Mortality, energy reserves, and oxidative stress responses of three native freshwater mussels to temperature as an indicator of potential impacts of climate change: A laboratory experimental approach.

Abstract

Due to rapid global climate change, the temperature of streams and rivers is predicted to be increased, influencing aquatic organisms, particularly bivalve species. To better understand their response to elevated temperature, three native species of freshwater mussels namely, Coelatura aegyptiaca, Mutela rostrata and Chambardia rubens were exposed for 21 days to four temperature treatments (18 - 25-30 and 35 °C). Mortality was recorded on a daily basis over the experiment.
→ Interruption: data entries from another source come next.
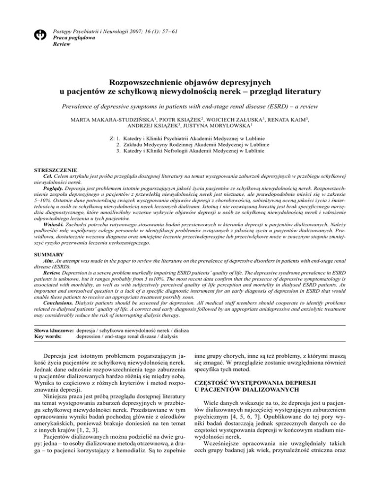 Postêpy Psychiatrii i Neurologii 2007; 16 (1): 5761 Praca pogl¹dowa Review Rozpowszechnienie objawów depresyjnych u pacjentów ze schy³kow¹ niewydolnoci¹ nerek przegl¹d literatury Prevalence of depressive symptoms in patients with end-stage renal disease (ESRD) a review MARTA MAKARA-STUDZIÑSKA1, PIOTR KSI¥¯EK2, WOJCIECH ZA£USKA3, RENATA KAIM3, ANDRZEJ KSI¥¯EK3, JUSTYNA MORYLOWSKA1 Z: 1. Katedry i Kliniki Psychiatrii Akademii Medycznej w Lublinie 2. Zak³adu Medycyny Rodzinnej Akademii Medycznej w Lublinie 3. Katedry i Kliniki Nefrologii Akademii Medycznej w Lublinie STRESZCZENIE Cel. Celem artyku³u jest próba przegl¹du dostêpnej literatury na temat wystêpowania zaburzeñ depresyjnych w przebiegu schy³kowej niewydolnoci nerek. Pogl¹dy. Depresja jest problemem istotnie pogarszaj¹cym jakoæ ¿ycia pacjentów ze schy³kow¹ niewydolnoci¹ nerek. Rozpowszechnienie zespo³u depresyjnego u pacjentów z przewlek³¹ niewydolnoci¹ nerek jest nieznane, ale prawdopodobnie mieci siê w zakresie 510%. Ostatnie dane potwierdzaj¹ zwi¹zek wystêpowania objawów depresji z chorobowoci¹, subiektywn¹ ocen¹ jakoci ¿ycia i miertelnoci¹ u osób ze schy³kow¹ niewydolnoci¹ nerek leczonych dializami. Istotn¹ i nie rozwi¹zan¹ kwesti¹ jest brak specyficznego narzêdzia diagnostycznego, które umo¿liwi³oby wczesne wykrycie objawów depresji u osób ze schy³kow¹ niewydolnoci¹ nerek i wdro¿enie odpowiedniego leczenia u tych pacjentów. Wnioski. Zachodzi potrzeba rutynowego stosowania badañ przesiewowych w kierunku depresji u pacjentów dializowanych. Nale¿y podkreliæ rolê wspó³pracy ca³ego personelu w identyfikacji problemów zwi¹zanych z jakoci¹ ¿ycia u pacjentów dializowanych. Prawid³owa, dostatecznie wczesna diagnoza oraz umiejêtne leczenie przeciwdepresyjne lub przeciwlêkowe mo¿e w znacznym stopniu zmniejszyæ ryzyko przerwania leczenia nerkozastêpczego. SUMMARY Aim. An attempt was made in the paper to review the literature on the prevalence of depressive disorders in patients with end-stage renal disease (ESRD). Review. Depression is a severe problem markedly impairing ESRD patients quality of life. The depressive syndrome prevalence in ESRD patients is unknown, but it ranges probably from 5 to10%. The most recent data confirm that the presence of depressive symptomatology is associated with morbidity, as well as with subjectively perceived quality of life perception and mortality in dialysed ESRD patients. An important and unresolved question is a lack of a specific diagnostic instrument for an early diagnosis of depression in ESRD that would enable these patients to receive an appropriate treatment possibly soon. Conclusions. Dialysis patients should be screened for depression. All medical staff members should cooperate to identify problems related to dialysed patients quality of life. A correct and early diagnosis followed by an appropriate anidepressive and anxiolytic treatment may considerably reduce the risk of interrupting dialysis therapy. S³owa kluczowe: depresja / schy³kowa niewydolnoæ nerek / dializa Key words: depression / end-stage renal disease / dialysis Depresja jest istotnym problemem pogarszaj¹cym jakoæ ¿ycia pacjentów ze schy³kow¹ niewydolnoci¹ nerek. Jednak dane odnonie rozpowszechnienia tego zaburzenia u pacjentów dializowanych bardzo ró¿ni¹ siê miêdzy sob¹. Wynika to czêciowo z ró¿nych kryteriów i metod rozpoznawania depresji. Niniejsza praca jest prób¹ przegl¹du dostêpnej literatury na temat wystêpowania zaburzeñ depresyjnych w przebiegu schy³kowej niewydolnoci nerek. Przedstawiane w tym opracowaniu wyniki badañ pochodz¹ g³ównie z orodków amerykañskich, poniewa¿ brakuje doniesieñ na ten temat z innych krajów [1, 2, 3]. Pacjentów dializowanych mo¿na podzieliæ na dwie grupy: jedna to osoby dializowane metod¹ otrzewnow¹, a druga to pacjenci korzystaj¹cy z hemodializ. S¹ to zupe³nie inne grupy chorych, inne s¹ te¿ problemy, z którymi musz¹ siê zmagaæ. W przegl¹dzie zostanie uwzglêdniona równie¿ specyfika tych metod. CZÊSTOÆ WYSTÊPOWANIA DEPRESJI U PACJENTÓW DIALIZOWANYCH Wiele danych wskazuje na to, ¿e depresja jest u pacjentów dializowanych najczêciej wystêpuj¹cym zaburzeniem psychicznym [4, 5, 6, 7]. Opublikowane do tej pory wyniki badañ dostarczaj¹ jednak sprzecznych danych co do czêstoci wystêpowania depresji w koñcowym stadium niewydolnoci nerek. Wczeniejsze opracowania nie uwzglêdnia³y takich cech grupy badanej jak wiek, przynale¿noæ etniczna oraz 58 Marta Makara-Studziñska, Piotr Ksi¹¿ek, Wojciech Za³uska, Renata Kaim, Andrzej Ksi¹¿ek, Justna Morylowska czas, jaki up³yn¹³ od ostatniej dializy, a tak¿e stopieñ nasilenia choroby nerek [8]. Pomimo, ¿e nie znamy prawdziwego rozpowszechnienia depresji w tej grupie chorych, ostatnie badania przesiewowe przeprowadzone na wiêkszych liczebnie miêdzynarodowych grupach dostarczy³y wiêcej istotnych danych [9]. Czêstoæ wystêpowania zaburzeñ depresyjnych u pacjentów dializowanych szacuje siê odpowiednio na poziomie 25% u pacjentów poddawanych hemodializom i 30% u pacjentów dializowanych otrzewnowo [10, 11, 12, 13]. Chen i wsp. [14] oszacowali czêstoæ depresji u pacjentów przewlekle dializowanych na 33%. Czêstsze wystêpowanie depresji wykazano u pacjentów ze wspó³istniej¹c¹ cukrzyc¹. Pacjenci z chorobami nerek s¹ nara¿eni na wiele stresorów, w³¹czaj¹c w to utratê fizjologicznych funkcji nerek, zaburzenia uk³adu trawiennego, zaburzenia neurologiczne, choroby koci, anemiê, niemo¿noæ normalnego funkcjonowania w rodzinie, utrzymania zatrudnienia, obni¿on¹ mobilnoæ, zaburzenia funkcji poznawczych [2, 4, 7] oraz utratê sprawnoci seksualnej [4, 7, 15, 16]. Przed rozpoczêciem leczenia nerkozastêpczego, znaczna grupa osób ze schy³kow¹ niewydolnoci¹ nerek cierpi z powodu zaburzeñ lêkowych i depresji [1, 17, 18]. Czêstoæ du¿ej depresji u pacjentów dializowanych otrzewnowo 
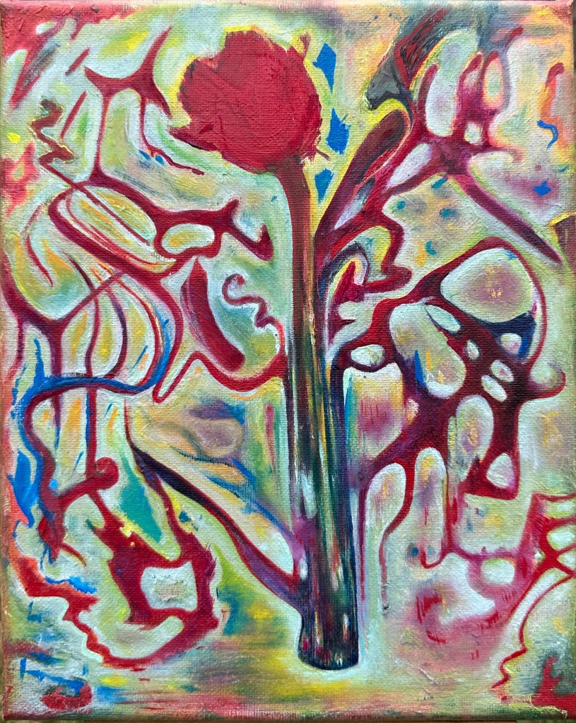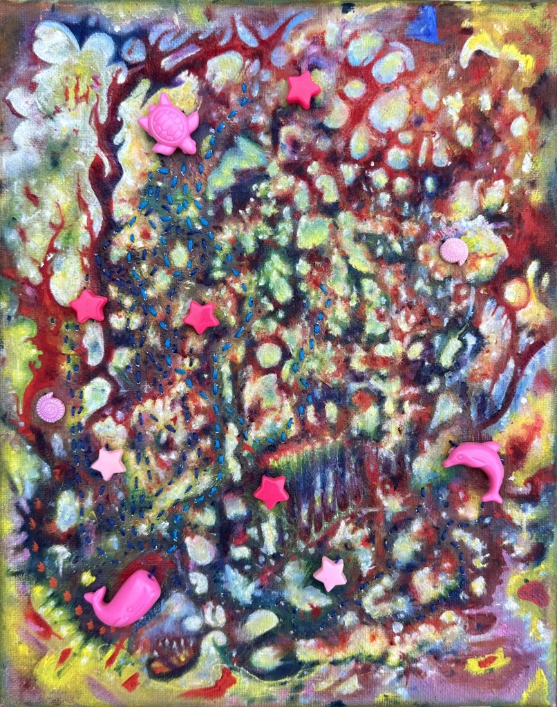 Acrylic, oil, embroidery thread, and craft beads on canvas
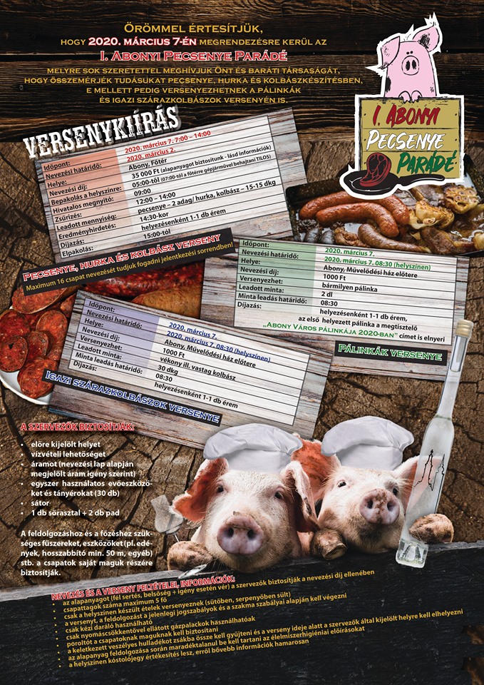 I. Abonyi Pecsenye Parádé Pálinkák Versenye 2020 – Abony

A variety of responses including biomarkers at the cellular level and whole organism level were examined in surviving organisms after 21 days. In response to exposure to thermal stress, three mussel species exposed to 35 °C showed 100% mortality after 21 days. However, exposure to 25 °C and 30 °C induced significant decreases in adenosine triphosphate (ATP) production and energy reserves (Protein, lipid and glycogen) compared to the control group maintained at 18 °C. Temperature-induced oxidative stress, indicated by the greatest reduction in total antioxidant capacity (TAC) and elevated levels of lipid peroxidation products. As energy generation decreased and oxidative stress increased, trends were for condition indexes (CI) and survival to decrease. In comparison, C.rubens has a higher thermal tolerance than C.aegyptiaca, and M.rostrata. The responses reported herein, along with the predicted rates of climate warming, indicated that freshwater mussels in the Nile River, Egypt will be negatively impacted by climate change and may incur significant losses in the coming years.